## Provided records
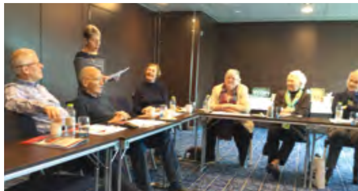
Møtedeltagere på årsmøtet.

Med slik størrelse og bemanning i politidistriktene ville det være naturlig at distriktene blir mer selvstendige enn tidligere. Spesialenheter som Kripes og Økokrim må man ha i fortsettelsen, men skal reformen virke, må politidistriktene etter behov få nødvendig bemanning, de må få bedre og nok kjøretøy, hurtiggående båter. De må også få egne helikopter slik det er i Sverige. Videre må samband og nødnett virke optimalt. til like med IKT systemene. Som et resultat av dette burde POD nedbemannes og kun være kontrollorgan for politietaten. I dag opplever vi at
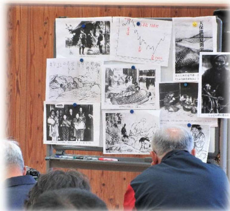
この日のために膨大な文献の中から抜粋した資料の数々。

今回の歴史講座は東北郷土を襲った大飢饉の中、人々がどのように生きたか、当時の新聞記事、見聞を基に東北の惨状と悲しみを後藤先生が解説します。
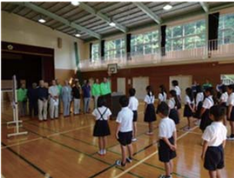
チーム城原・防犯城原の 皆さんとの対面式
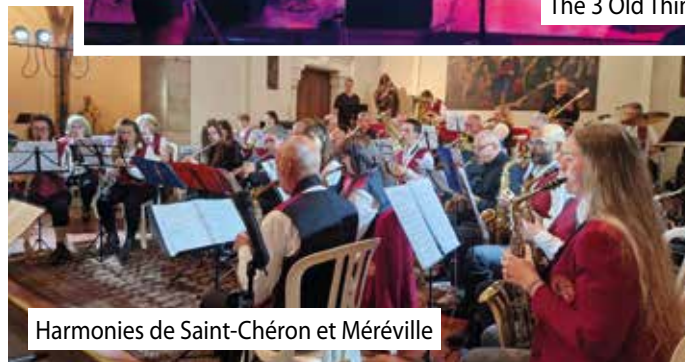
Harmonies de Saint-Chéron et Méréville
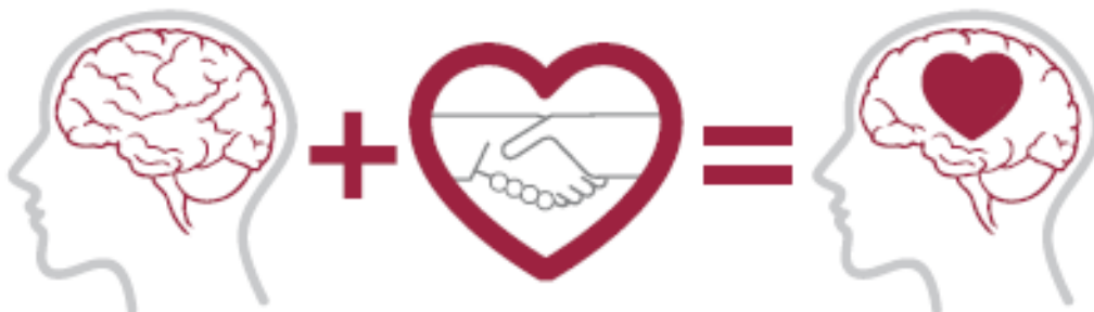
Figura 6. Management Case
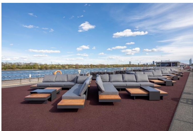
MS Nestroy, Sonnendeck Loungebereich
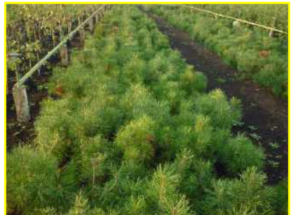
Фото 4. Питомник
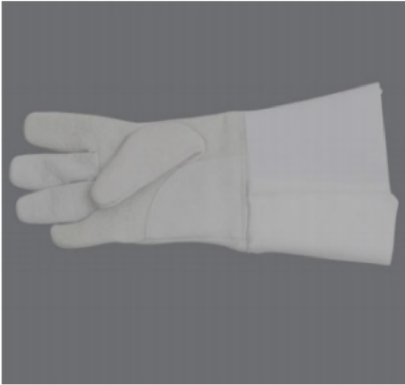
قفازات لاعب المبارزة :

* - في سلاح السيف الكهربائي هناك جراب مصنوع من نفس خامة القماش الموصل للكهرباء بحيث يثبت هذا الجراب على رسغ اليد المسلحة لدخولها ضمن الهدف المسموح للمس فيه.
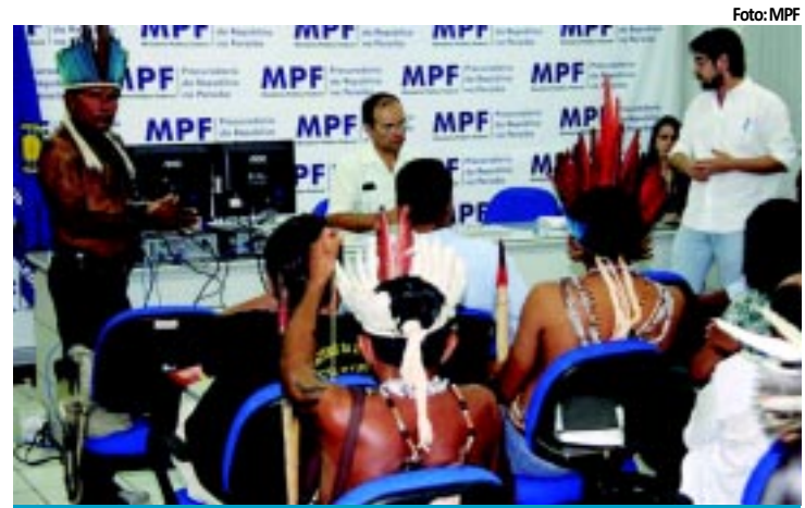
MPF discute reestruturação da Funai

teria sido morto com um tiro na cabeça. O corpo de Osama não foi mostrado e informações não oficiais dão conta que ele teria sido jogado ao mar. A morte gerou comemorações em várias cidades dos Estados Unidos. PÁGINA 7
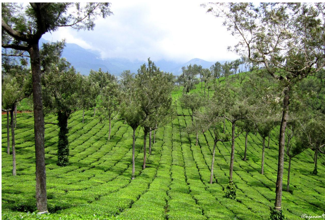
Figur 3. Teodling med skuggningsträd. Kerala, Indien. (Malik 2012). (CC BY-NC-ND 4.0)

al. 2008; Duncan et al. 2016). Skuggning av odlingen kan göras med träd eller skuggvävar (se Figur 3.). Willson (1992a) rekommenderar att plantera skuggningsträd ett år innan te-plantorna. I Bangladesh planteras temporära och permanenta träd samtidigt, eftersom de permanenta träden har en längre etableringsperiod (Rahman et al. 2020). Efter ungefär fem år, eller när de permanenta trädens kronor är tillräckligt täckande, tas de temporära träden bort. De träd som används som skuggningsträd tillhör främst familjen Fabaceae följt av Meliaceae . I Bangladesh används ofta släktet Albizia som permanenta skuggningsträd. I ett försök av Mulugeta (2017) mer än dubblerades skörden i torr vikt när skuggningsträden bestod av Albizia -träd, jämfört med o-skuggade tebuskar. Albizia -träden släppte igenom 65 procent relativ ljusintensitet och ledde till förbättrad luftfuktighet, luft-, blad- och jordtemperaturer samt ökad jordfuktighet. En reglering av lufttemperatur och luftfuktighet kan dessutom bidra till en reducerad förekomst av vissa sjukdomar och insekter (Wijeratne 2018).
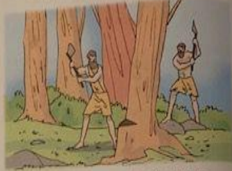
FORESTE DA CUI RICAVARE LEGNAME
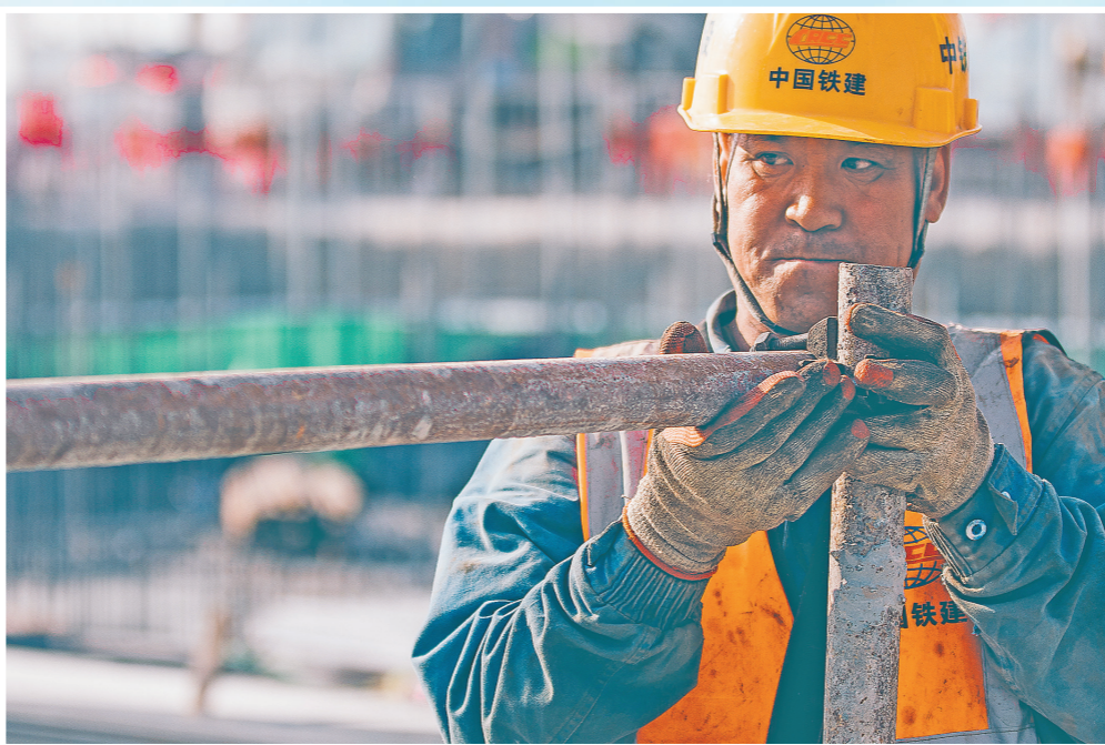
4月23日,在中铁建设雄安新区西片区安置房C3标段施工现场,架子工正在搭设临边防护。
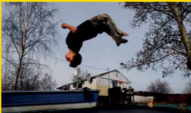
Uranium City: Life After The Mine

18H Enterrado na pele da Terra ( Buried in Earthskin ) África do Sul: uma jornalista numa viagem investigativa sobre energia nuclear e lixo atômico e
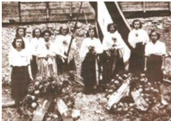
Po osvoboditvi na kraju ustrelitve na odprtem strelišču.
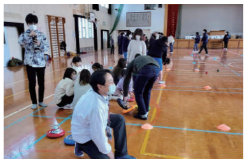
地域の健康増進のための「南片江校区レクリエーション大会」に参加しました。
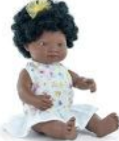
MUÑECA AFRICANA CON ROPA REF 1-33207
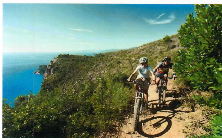
ESCURSIONI IN MOUNTAIN BIKE
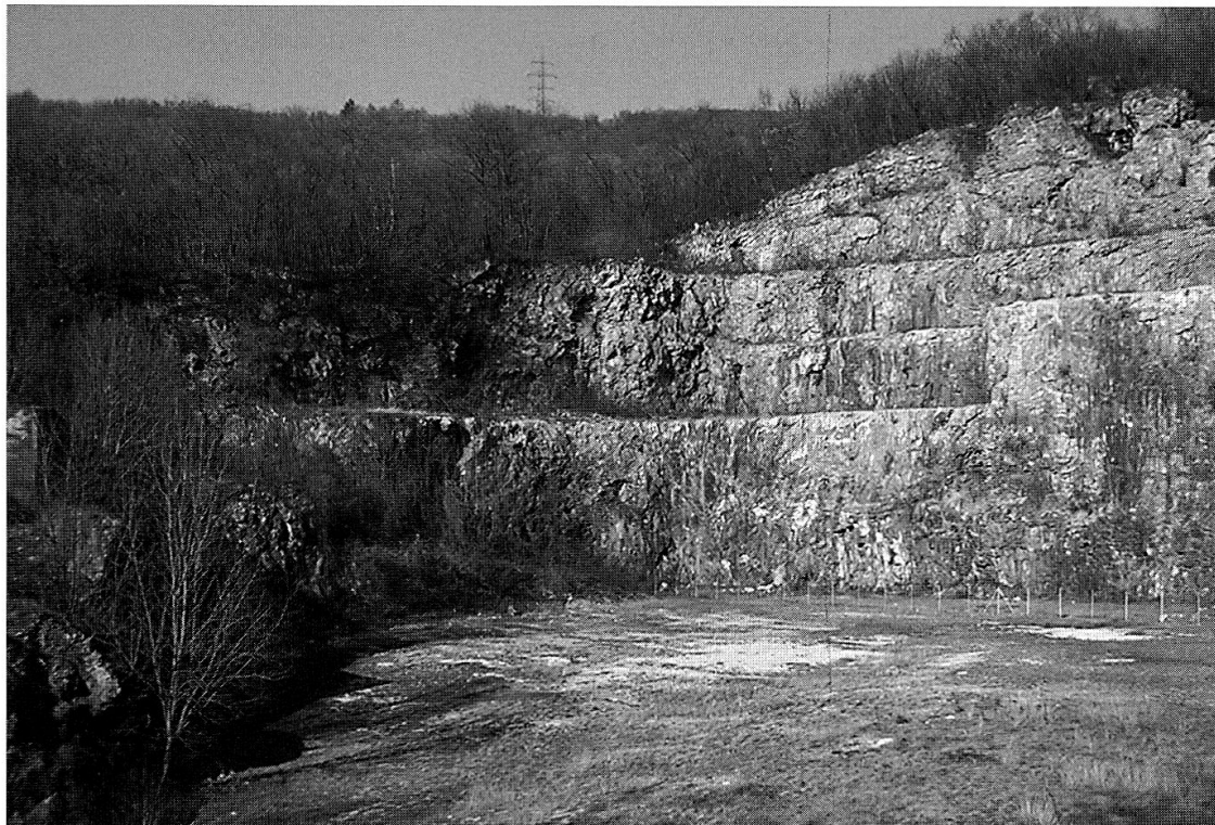
Fig. 4 – Station 3, Arzo. Carrière de calcaire abandonnée. Les individus d' Acrotylus patruelis se trouvaient sur les parties dénudées.

Dans le Tab. 1, nous avons également indiqué les espèces présentes dans les milieux en contact avec les stations à A. patruelis . Ces listes ne sont certainement pas exhaustives, mais l'effort de chasse est comparable entre les trois stations. Plusieurs espèces témoignent du caractère très pionniers des habitats fréquentés par A. patruelis : Eumodicogryllus bordigalensis , Pteronemobius lineolatus , Aiolopus strepens , Sphingonotus caeruleans et Oedipoda caeruleans .
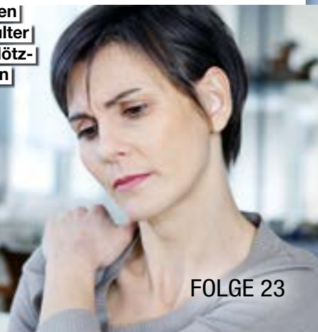
Die Schmerzen einer Kalkschulter können ganz plötzlich auftreten

Diese weichteiladaptive Hyaluronsäure bildet dann einen sogenannten Fibrinkomplex und kann dadurch sehr effektiv gegen Entzündungen vorgehen – und den Heilungsprozess beschleunigen.“

## What you have to do
An exact copy of the entries above is needed, with the pictures removed.

## Task response
Møtedeltagere på årsmøtet.

Med slik størrelse og bemanning i politidistriktene ville det være naturlig at distriktene blir mer selvstendige enn tidligere. Spesialenheter som Kripes og Økokrim må man ha i fortsettelsen, men skal reformen virke, må politidistriktene etter behov få nødvendig bemanning, de må få bedre og nok kjøretøy, hurtiggående båter. De må også få egne helikopter slik det er i Sverige. Videre må samband og nødnett virke optimalt. til like med IKT systemene. Som et resultat av dette burde POD nedbemannes og kun være kontrollorgan for politietaten. I dag opplever vi at
この日のために膨大な文献の中から抜粋した資料の数々。

今回の歴史講座は東北郷土を襲った大飢饉の中、人々がどのように生きたか、当時の新聞記事、見聞を基に東北の惨状と悲しみを後藤先生が解説します。
チーム城原・防犯城原の 皆さんとの対面式
Harmonies de Saint-Chéron et Méréville
Figura 6. Management Case
MS Nestroy, Sonnendeck Loungebereich
Фото 4. Питомник
قفازات لاعب المبارزة :

* - في سلاح السيف الكهربائي هناك جراب مصنوع من نفس خامة القماش الموصل للكهرباء بحيث يثبت هذا الجراب على رسغ اليد المسلحة لدخولها ضمن الهدف المسموح للمس فيه.
MPF discute reestruturação da Funai

teria sido morto com um tiro na cabeça. O corpo de Osama não foi mostrado e informações não oficiais dão conta que ele teria sido jogado ao mar. A morte gerou comemorações em várias cidades dos Estados Unidos. PÁGINA 7
Figur 3. Teodling med skuggningsträd. Kerala, Indien. (Malik 2012). (CC BY-NC-ND 4.0)

al. 2008; Duncan et al. 2016). Skuggning av odlingen kan göras med träd eller skuggvävar (se Figur 3.). Willson (1992a) rekommenderar att plantera skuggningsträd ett år innan te-plantorna. I Bangladesh planteras temporära och permanenta träd samtidigt, eftersom de permanenta träden har en längre etableringsperiod (Rahman et al. 2020). Efter ungefär fem år, eller när de permanenta trädens kronor är tillräckligt täckande, tas de temporära träden bort. De träd som används som skuggningsträd tillhör främst familjen Fabaceae följt av Meliaceae . I Bangladesh används ofta släktet Albizia som permanenta skuggningsträd. I ett försök av Mulugeta (2017) mer än dubblerades skörden i torr vikt när skuggningsträden bestod av Albizia -träd, jämfört med o-skuggade tebuskar. Albizia -träden släppte igenom 65 procent relativ ljusintensitet och ledde till förbättrad luftfuktighet, luft-, blad- och jordtemperaturer samt ökad jordfuktighet. En reglering av lufttemperatur och luftfuktighet kan dessutom bidra till en reducerad förekomst av vissa sjukdomar och insekter (Wijeratne 2018).
FORESTE DA CUI RICAVARE LEGNAME
4月23日,在中铁建设雄安新区西片区安置房C3标段施工现场,架子工正在搭设临边防护。
Uranium City: Life After The Mine

18H Enterrado na pele da Terra ( Buried in Earthskin ) África do Sul: uma jornalista numa viagem investigativa sobre energia nuclear e lixo atômico e
Po osvoboditvi na kraju ustrelitve na odprtem strelišču.
地域の健康増進のための「南片江校区レクリエーション大会」に参加しました。
MUÑECA AFRICANA CON ROPA REF 1-33207
ESCURSIONI IN MOUNTAIN BIKE
Fig. 4 – Station 3, Arzo. Carrière de calcaire abandonnée. Les individus d' Acrotylus patruelis se trouvaient sur les parties dénudées.

Dans le Tab. 1, nous avons également indiqué les espèces présentes dans les milieux en contact avec les stations à A. patruelis . Ces listes ne sont certainement pas exhaustives, mais l'effort de chasse est comparable entre les trois stations. Plusieurs espèces témoignent du caractère très pionniers des habitats fréquentés par A. patruelis : Eumodicogryllus bordigalensis , Pteronemobius lineolatus , Aiolopus strepens , Sphingonotus caeruleans et Oedipoda caeruleans .
Die Schmerzen einer Kalkschulter können ganz plötzlich auftreten

Diese weichteiladaptive Hyaluronsäure bildet dann einen sogenannten Fibrinkomplex und kann dadurch sehr effektiv gegen Entzündungen vorgehen – und den Heilungsprozess beschleunigen.“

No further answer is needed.